“Brave” may not be the word most people would use to describe the average marketing campaign, but the top executives who came together at Samsung 837 on November 15, for the Marketing Society’s inaugural New York event, know from experience that the best business decisions are made outside of what’s familiar.
“Be comfortable with the uncomfortable,” said Michelle Froah, vice president of marketing excellence, strategy and integration for Samsung Electronics America, at the global marketing industry group’s Brave Conference.
Held at Samsung’s experience center in Manhattan’s meatpacking district, the gathering brought together some of the top names in marketing to showcase remarkable stories of brave decisions on the job and to encourage bold leadership in the industry.
Froah referred to Samsung’s swift and determined marketing reaction to the Galaxy Note 7 recall last fall as Samsung’s brave marketing moment, and described the company’s task of rebuilding public trust in the brand.
The company took care to engage on a personal level with its most loyal customers, Froah said. After the recall, a live-streamed event at Samsung 837 aimed at communicating directly with customers to address and acknowledge their concerns brought the company real insight direct from customers.
“We really aimed to be transparent with everyone,” Froah said. “Our customers were very willing to forgive.”
Speaking on the sidelines of the conference, Froah said she is especially proud of how Samsung came together as an organization in response to the Note 7 crisis and “focused solely” on consumers.
The results? Just one year later, Samsung sales are now at pre-crisis levels, Froah said. The company has also moved up a notch, to No. 6, on Interbrand’s 2017 list of the 100 Best Global Brands.
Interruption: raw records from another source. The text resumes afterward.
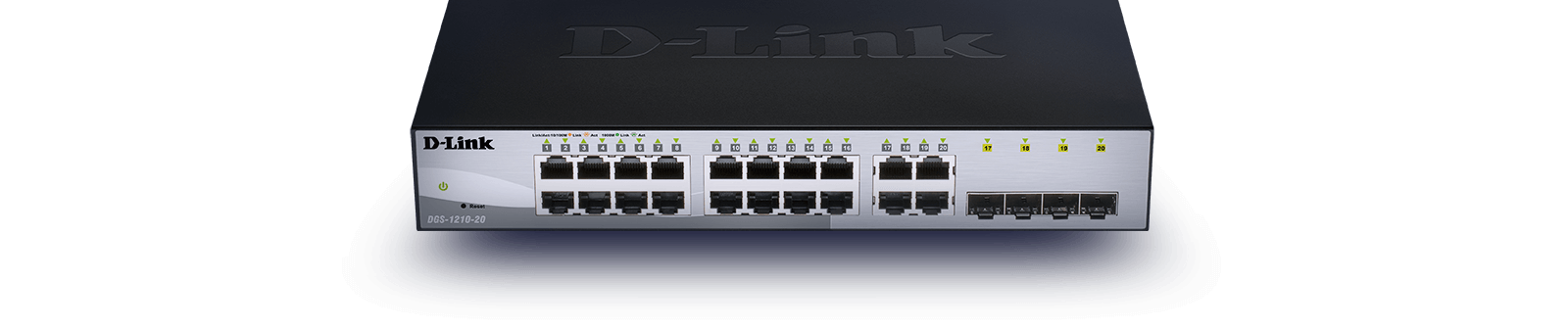 The DGS-1210 Smart+ family has advanced network management options, accessible via Compact CLI or the Web-based UI, that equip your business with network capabilities such as VLANs, multiple spanning tree protocol (MSTP), link aggregation (LACP), static routing, dual software images, and dual configuration files.
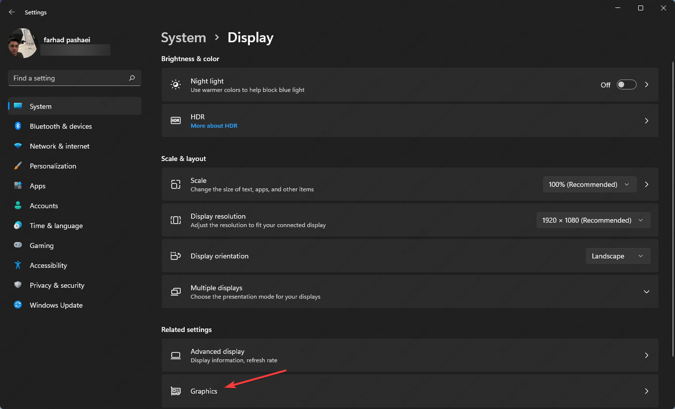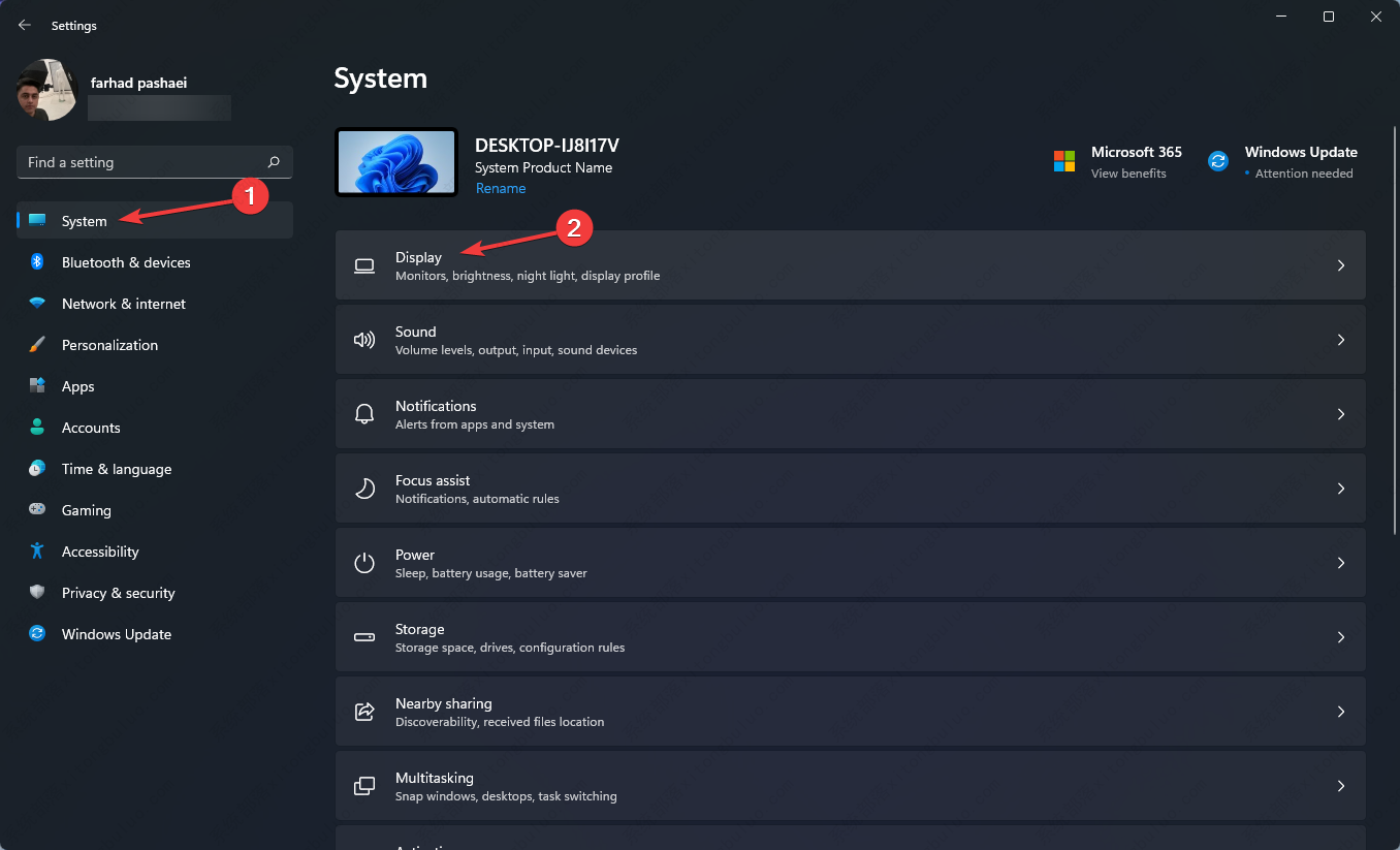 从左侧窗格中,选择System,然后从右侧窗格中选择Display。
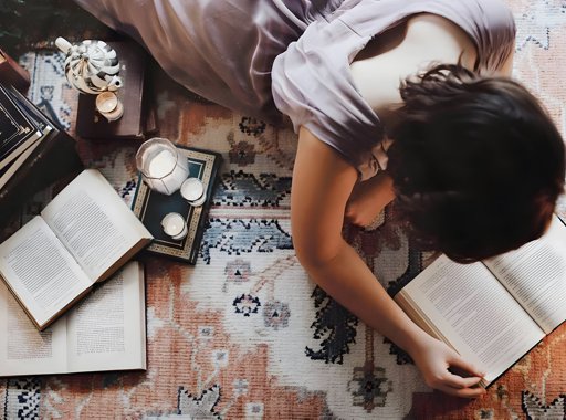 En arrière-plan, un homme et une femme dos à dos et au premier plan, une pile de livres
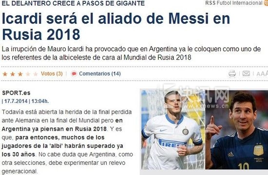 一批老将将退出阿根廷队,哪些新人顶上来?《每日体育报》着重指出,“国米巴蒂”伊卡尔迪很可能将是梅西在2018年最可信赖的攻击搭档。在本届世界杯中,伊瓜因和阿奎罗均表现平平,伊卡尔迪有可能在未来四年间成为重点培养对象。伊卡尔迪出道于巴萨青训营,他在2011年转投 桑普多利亚 ,上赛季在国米则打进了8球。
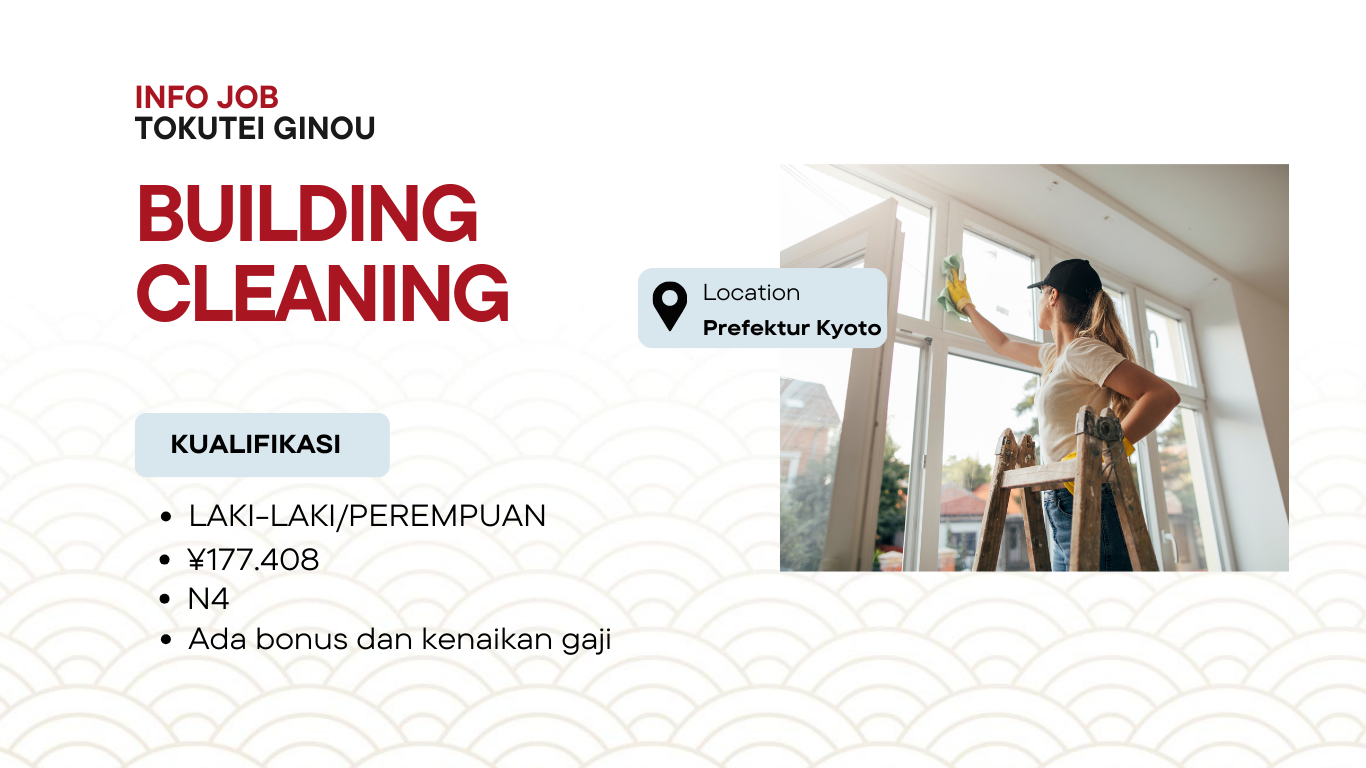 Kami membuka kesempatan bagi Anda yang ingin bekerja di Jepang dalam bidang Building Cleaning melalui visa Tokutei Ginou. Posisi ini cocok bagi tenaga kerja profesional yang ingin mengembangkan karir sekaligus mendapatkan pengalaman kerja di Jepang.
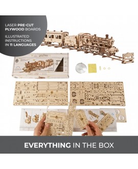 The DIY model train recreates the look of the "GWR 5972 Olton Hall" locomotive used in the Harry Potter movie series, based on a magical universe, created by J. K. Rowling. The model is rated "Advanced" difficulty level with an estimated assembly time of 7 hours. The locomotive can be assembled in about 3 hours, giving you a head start on imaginative play! This DIY wooden model kit consists of 504 parts that are laser pre-cut into wooden boards. To assemble, simply remove the pieces from the boards and snap them together following the detailed, illustrated instructions available in 11 languages. One of the great things about our models is that no glue or special tools are required—everything you need for assembly is included in the box.
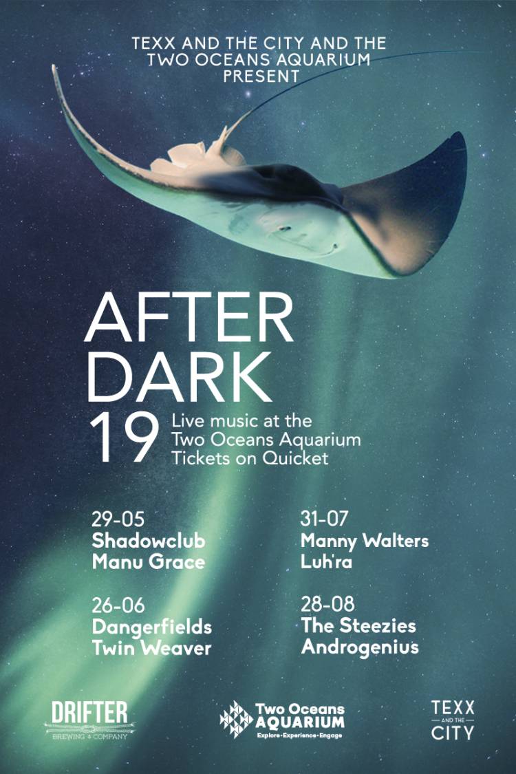 After Dark at the Two Oceans Aquarium is back! Following the sold-out success of the 2018 shows, Texx and the City and the Aquarium are once again joining forces to showcase some of South Africa's finest musical acts. Over four nights from May to August 2019, the Aquarium will host eight stellar bands: Shadowclub, Manu Grace, Dangerfields, Twin Weaver, Manny Walters, Luh’ra, The Steezies and Androgenius will be honouring the Mother City’s love for live music right here at one of Cape Town’s best-loved attractions.
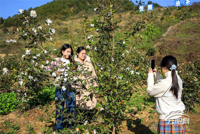 “往日只知道油茶能榨油,真没想到油茶花这么漂亮。这满山的油茶花,简直就是冬日里送给我们的惊喜。”市民陈女士看着眼前的美景,满脸惊喜地说道。
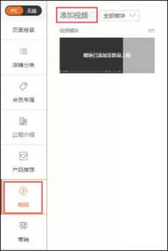 進入旺鋪2.0 PC旺鋪首頁/自定義頁的編輯器,在左側導航欄的【視頻】模塊中,拖拽并添加到裝修展示區。
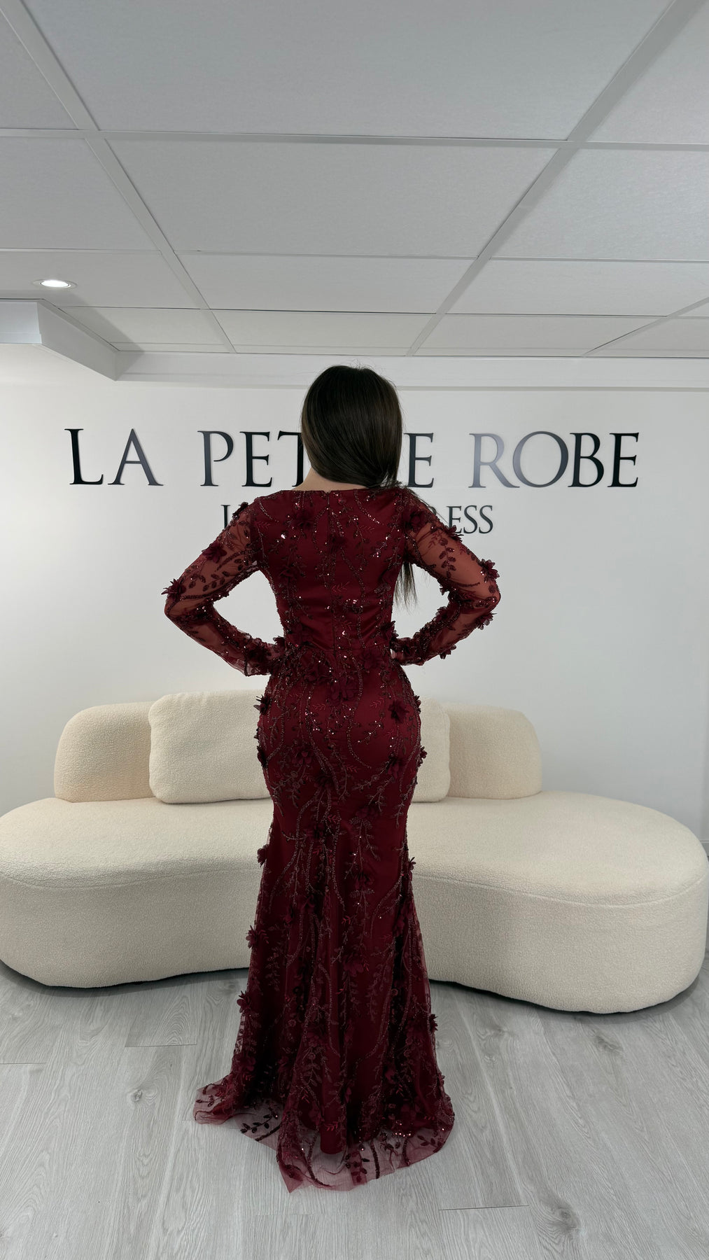 Hvorfor vælge denne bordeauxrøde aftenkjole?
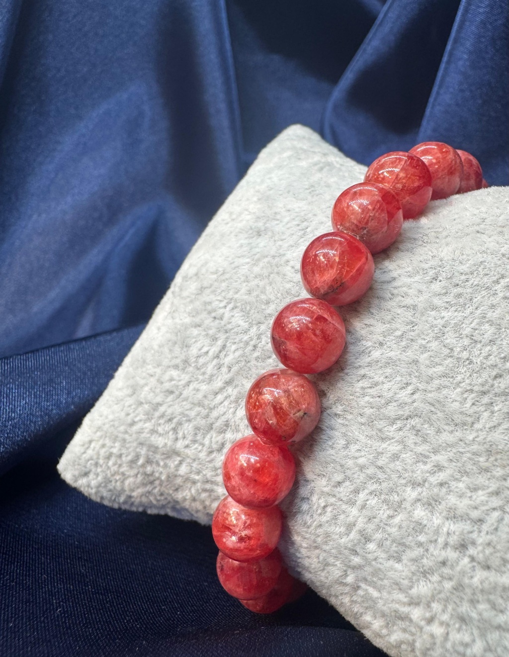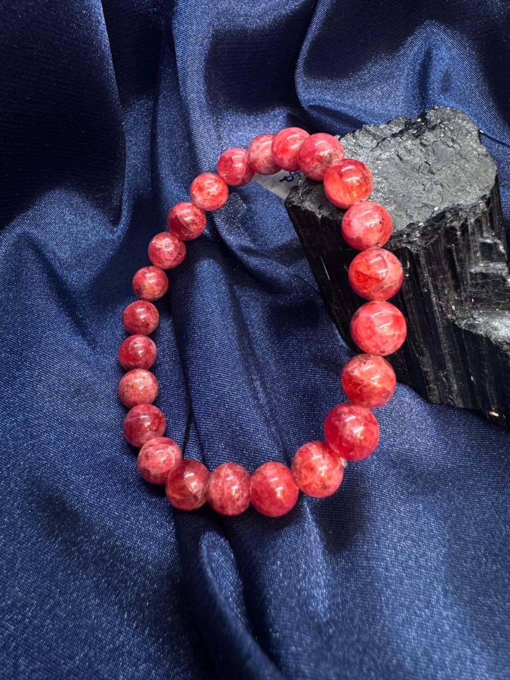 7A Kalite Rodonit Doğal Taş Bileklik 8-9 mm, yüksek kalite rodonit taşlarından üretilmiş, hem estetik hem de enerjisel açıdan güçlü bir doğal taş takıdır. 7A kalite ifadesi; taşların renk doygunluğu, damar yapısı ve parlaklık açısından üst seviye seçildiğini belirtir. 8-9 mm boncuk ölçüsü, bileklikte dolgun ve dikkat çekici bir görünüm sunar.

More recently, she said, Samsung went head-to-head with its competitor in a brave ad campaign whose call to action was simple, elegant and bold: “Upgrade to Samsung.”
Another powerful speaker at the Brave Conference, Madonna Badger, described her transformation from the senior art director behind Calvin Klein’s notorious nude-supermodel advertising campaigns to the crusader for positive representations of women. Her #WomenNotObjects and #IWillStandUp campaigns ultimately changed the way the most prestigious advertising awards panel, Cannes Lions, judges the annual entries.
Badger told her audience that her transformative moment was a 2011 fire in her Connecticut home that took the lives of her three young daughters and her parents. A devastating period followed for her, as well as a good deal of professional soul-searching, she said.
“I made a declaration never to objectify women or men again,” Badger said. “Take a leap of faith,” Badger advised the audience of marketing executives. “Be honest.”
Other presenters included Elissa Montanti, founder and director of the Global Medical Relief Fund, Tough Mudder CEO and founder Will Dean and, streamed from a parallel Brave Conference in London, Mars chief marketing officer Andrew Clarke.